Conspiracy theories flourish after China cancels opera

This Thursday Hong Kong will host the world premiere of Dr. Sun Yat-sen after China abruptly cancelled the opera’s original world premiere at Beijing’s National Center for the Performing Arts.

The opera, commissioned by Opera Hong Kong and the Hong Kong government, was to have had its world premiere on 30 September to commemorate the 100th anniversary of the Chinese revolution.

Sun is a widely revered Chinese revolutionary who helped bring down the Qing dynasty in 1911.

The official explanation for calling off the opera was “logistical reasons”, but media have been wildly speculating as to a range of other possible causes.
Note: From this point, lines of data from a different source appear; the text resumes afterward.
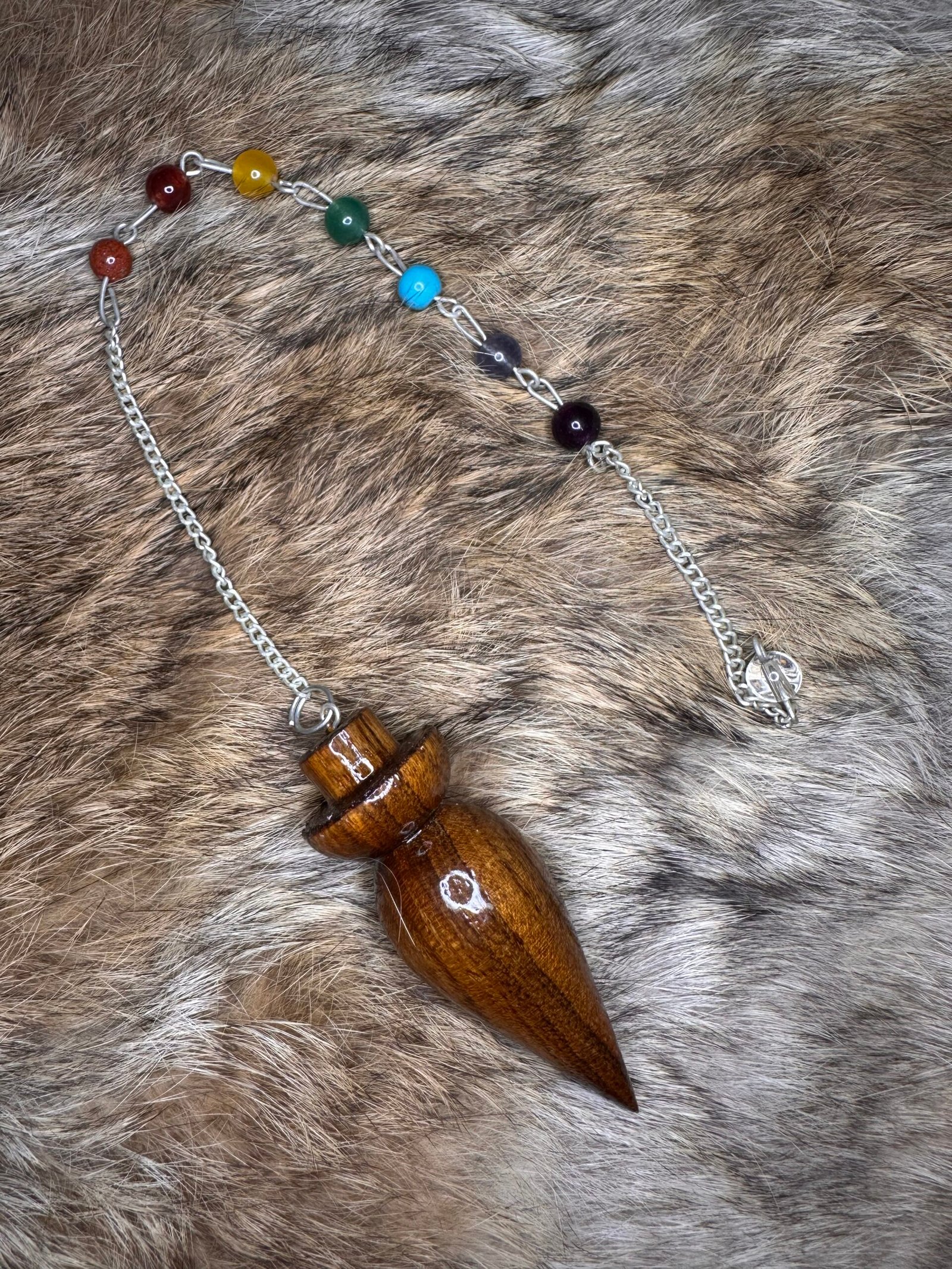 Péndulo de Madera con Cadena de 7 ChakrasPéndulo de Madera con Cadena de 7 Chakras
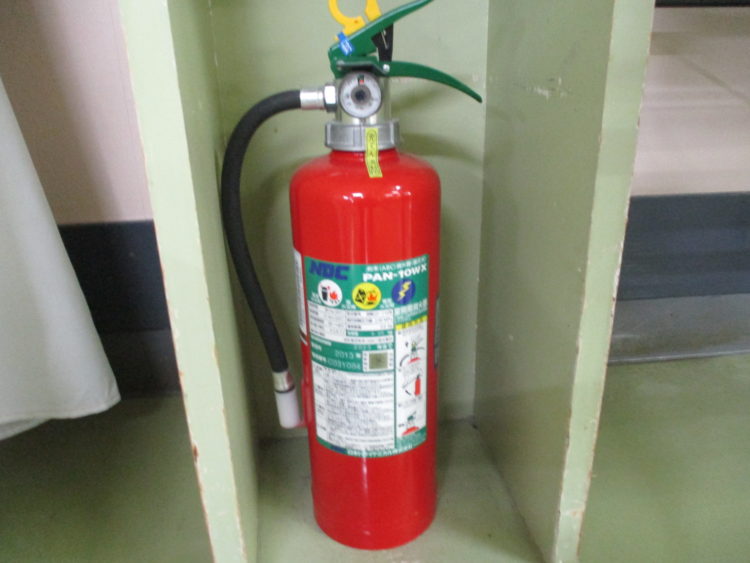 おうよう園内に数箇所設置してある消火器です。他の場所にもすぐに使用できるような位置に配置してます。
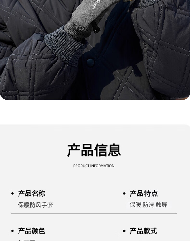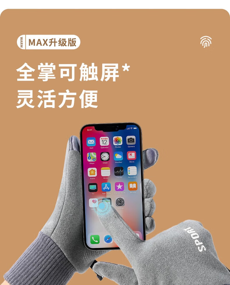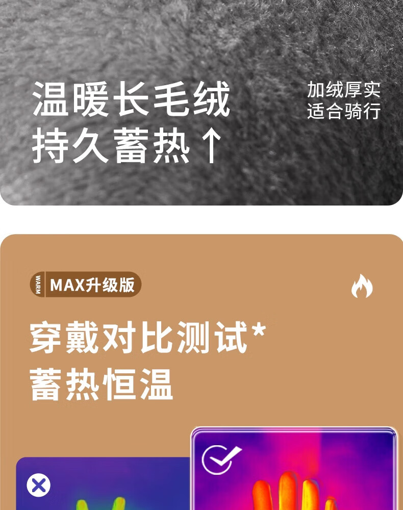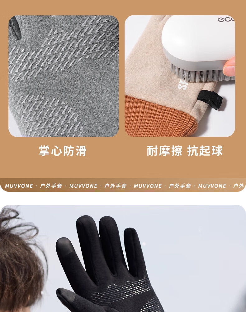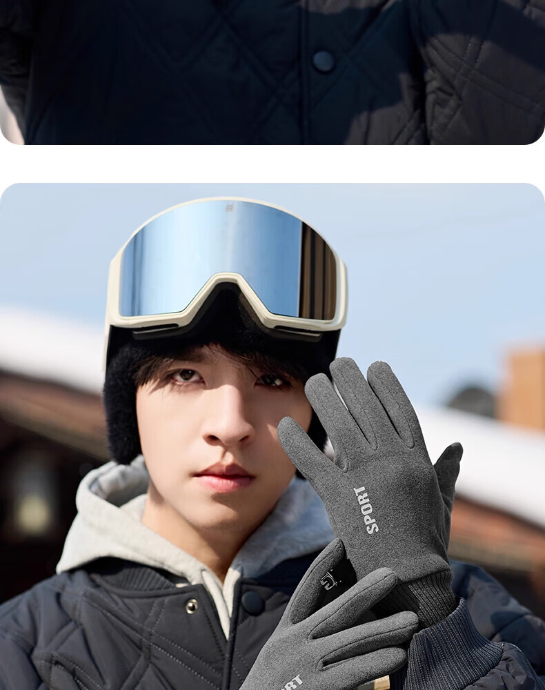 WCZ德国防风加绒加厚可触屏手套男秋冬季保暖防寒冬天户外骑行登山骑 云炭黑(男款) 均码
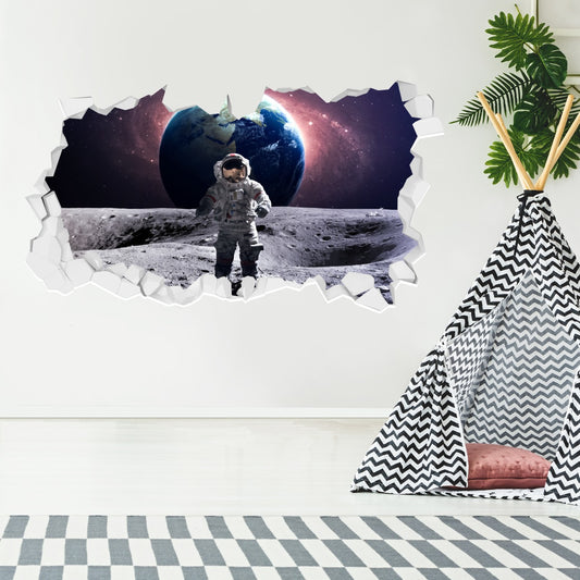 Space Wall Sticker - Astronaut on Moon with Earth Behind Broken Wall
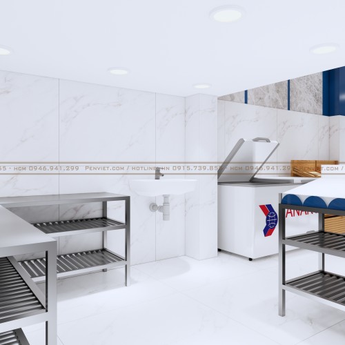 Khu vực chế biến nằm phía sau các quầy trưng bày, được ngăn cách bằng các quầy inox và tường kính trong suốt. Thiết kế này vừa đảm bảo sự riêng tư, vừa cho phép khách hàng theo dõi quá trình chế biến, tạo sự tin tưởng và cảm giác hài lòng.
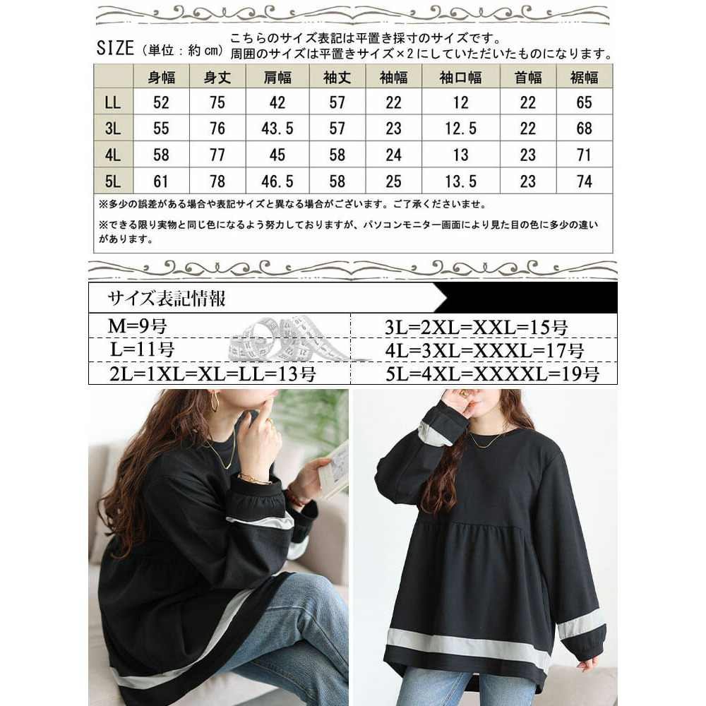 サイズ表記 LL 3L 4L 身幅 52cm 55cm 58cm 身丈 75cm 76cm 77cm 肩幅 42cm 43.5cm 45cm 袖丈 57cm 57cm 58cm 袖幅 22cm 23cm 24cm 袖口幅 12cm 12.5cm 13cm 首幅 22cm 22cm 23cm 裾幅 65cm 68cm 71cm
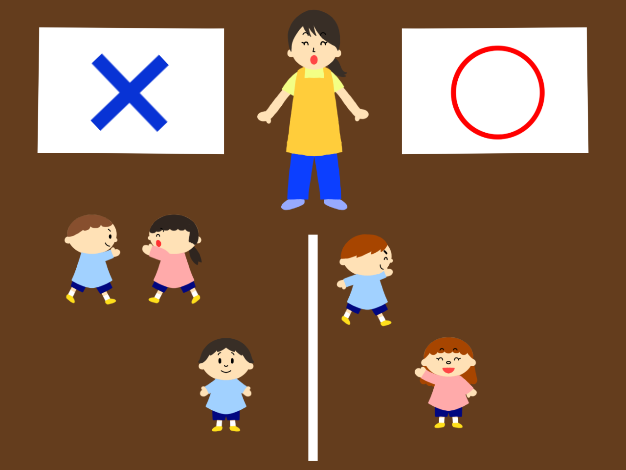 子どもたちはマルかバツのどちらかを考えて、正解だと思った方のエリアに移動します。
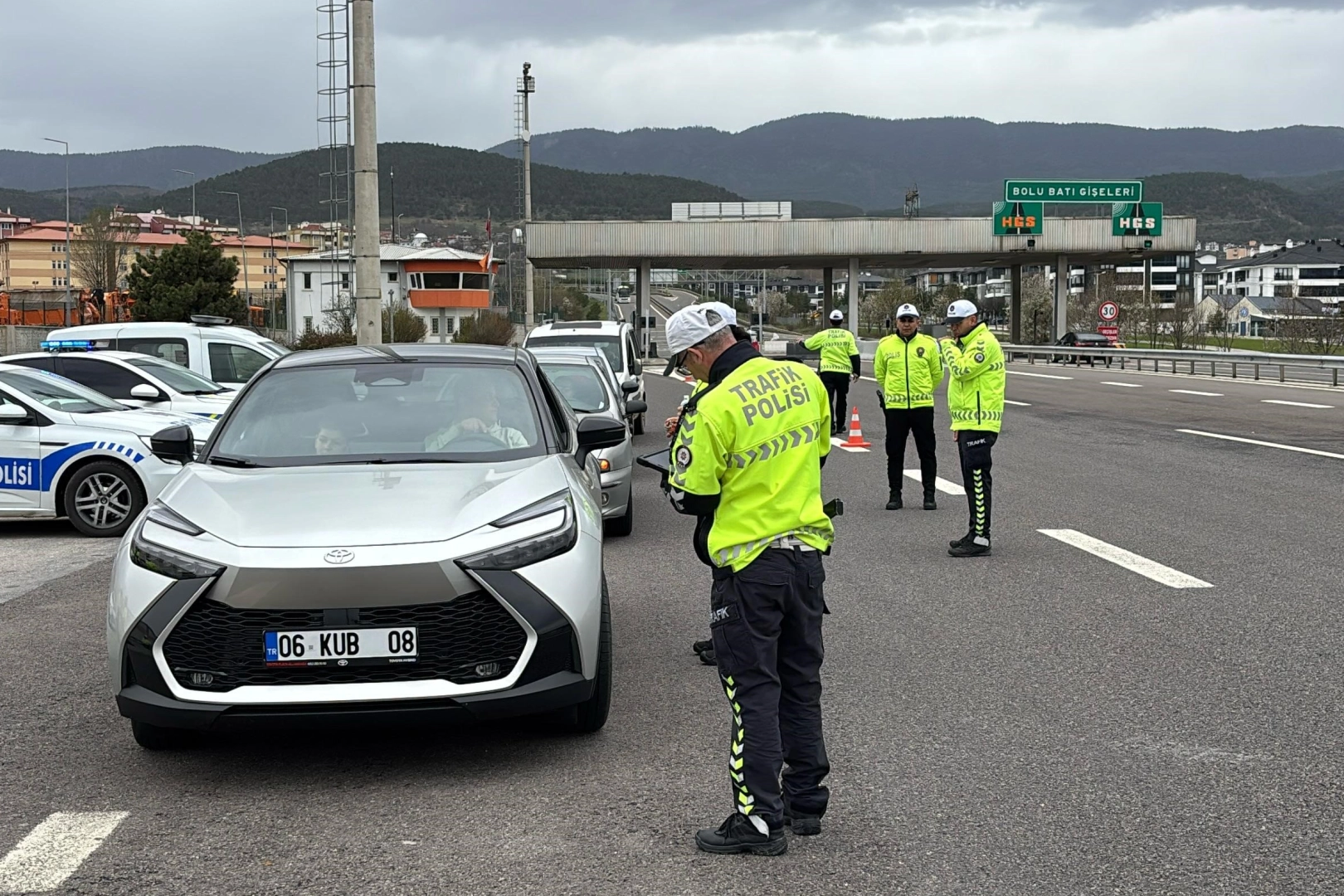 Bolu geçişinde Bolu İl Emniyet Müdürlüğü Trafik Tescil ve Denetleme Şube Müdürlüğü ile Bölge Trafik Denetleme Şube Müdürlüğü ekipleri, şehrin farklı noktalarında denetimlerini sürdürüyor. Ekipler tarafından tek tek denetlenen sürücüler, yolda giderken uykusuzluk ve telefonla oynamamaları konularında uyarıldı.
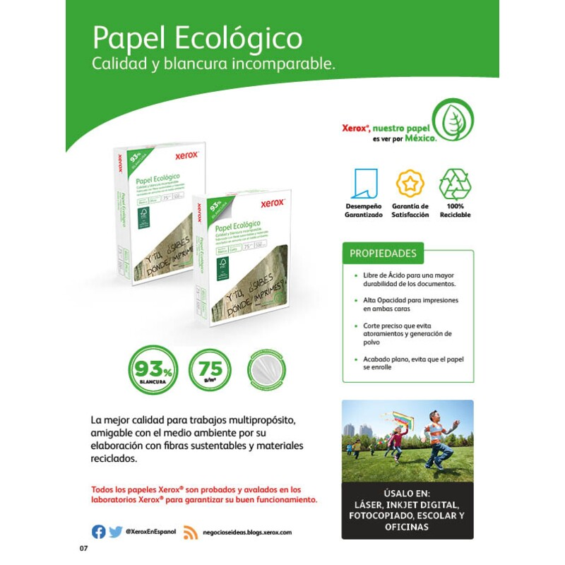 XEROX PAPEL ECOLOGICO CARTA 93% BLANCURA cantidad
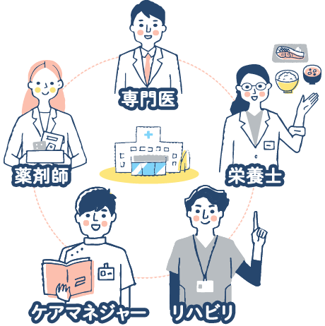 緊急時に適切な医療を受けられるよう、専門医をはじめ、薬剤師、栄養士、ケアマネジャー、リハビリなどの職種とも連携できる診療所・クリニックを選ぶこともポイントです。
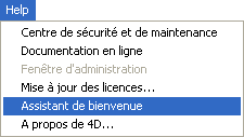 Par défaut, l’assistant est affiché à chaque démarrage. Vous pouvez le masquer en cochant l’option Ne plus afficher ce dialogue au lancement de 4D. Vous pourrez à tout moment l’afficher de nouveau en sélectionnant la commande Assistant de bienvenue dans le menu Aide :
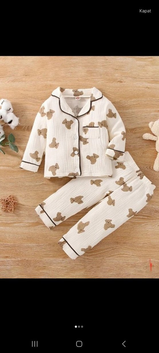 Pamuk kumaştan yapılmış uzun kollu bebek takim düğmeli ve yakalıdır. Açık krem renkli ayıcık desenleriyle organik urun ve geceleri rahat uyuyabilecegi cok kullanislı otganik takim
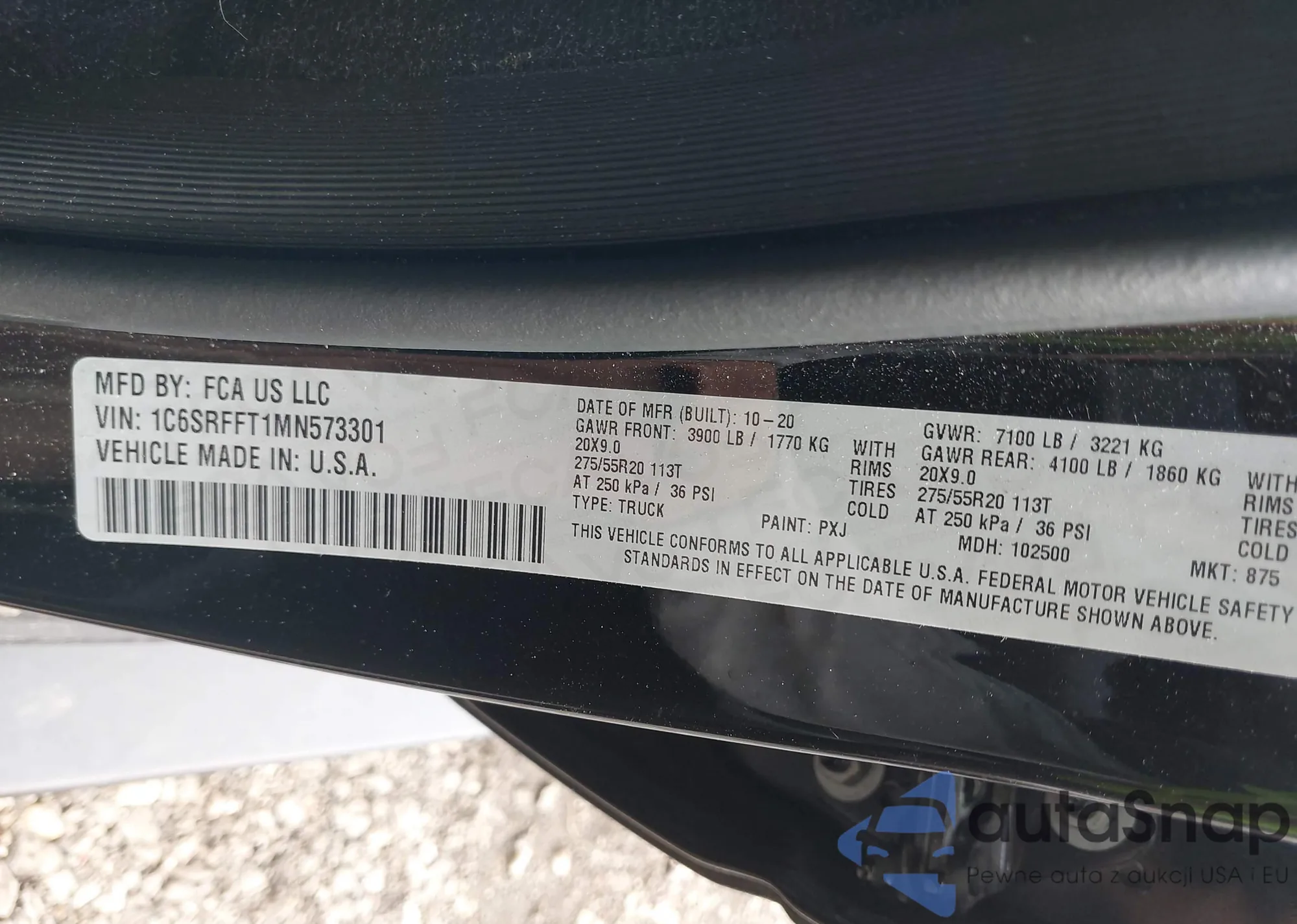 • VIN: 1C6SRFFT1MN573301

The New York Times cited an unnamed agent who works for the composer’s management company as saying that a Chinese government official simply didn’t like the music.

“I guess because maybe it’s not romantic enough, something like that,” the agent said.

The Financial Times suggests that perhaps the words were too politically sensitive. It quotes Sun’s lines in the first scene: “The Qing court is furious, They are turning our country into a prison! But this cage cannot silence oppositional voices … now there are debates with people urging change.” In the wake of the Arab Spring, the government has become ultra-sensitive over protests occurring in China, it muses.

Hong Kong newspaper the South China Morning Post (subscription only) says mainland sources deny it has anything to do with politics or the opera’s subject matter.

“Things like this happen all the time on the mainland,” it quotes a mainland performing arts musician as saying. “Just a [negative] remark from a leader would do it.”